Kurz darauf trennen sich die Strecken. Ich wünsche meinem Mann alles Gute und versuche auf den letzten vier Kilometern noch etwas Geschwindigkeit draufzulegen. Ein nicht endender Anstieg mit Gegenwind halten mich davon ab. Der Zieleinlauf ist etwas unspektakulär. Aber Freunde erwarten mich jubelnd im Ziel. Kerstin von Sisu ist auch da und wartet auf mich – denn dank Planungstabelle der Sisu-Man Wertung wusste sie von meinem Start.

Im Nieselregen der letzten Meter entschied ich, die zweite Tageshälfte doch nicht auf dem Rad zu verbringen und eher den Rest unserer Gruppe in Nordhausen zu erwarten. Nach heißer Dusche und ein paar der fettigen Brötchen (neben Schmalz gibt es jetzt noch Hackfleisch von allen möglichen Tieren oder als vegane Variante) fahren wir zum Ziel. In Nordhausen ist das Wetter besser, es wird sogar irgendwann sonnig.
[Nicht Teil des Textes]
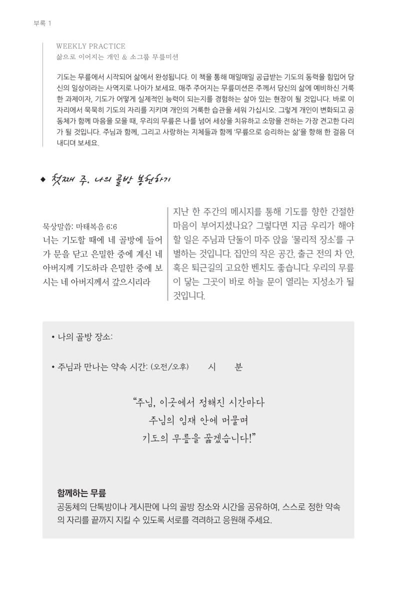 부록1 WEEKLY PRACTICE: 삶으로 이어지는 개인&공동체 무릎미션

Die ersten Läufer der langen Strecke sind deutlich unter 5 Stunden im Ziel – und sehen im Zieleinlauf sehr entspannt aus. Das fällt mir generell auf: alle haben zwar Schwierigkeiten, die Beine noch zu haben aber bei einen fünf Kilometerlauf in der Stadt gibt es viel mehr völlig erschöpfte Leiber zu sehen.

Von unser Gruppe kommen alle gesund und glücklich ins Ziel. Die einen schimpfen über die vielen Anstiege, die anderen fanden diese super. Die Begeisterung als Wiederholungstäter an den Start zu gehen hielt sich aber in Grenzen: ein wirklich super organisierter Lauf, aber es gibt so viele andere Herausforderungen bei denen die Natur etwas mehr einlädt.

Am gleichen Wochenende wurde im Harz Walpurgisnacht gefeiert, da begegnet beim Radfahren doch die ein oder andere komische Gestalt – also Vorsicht!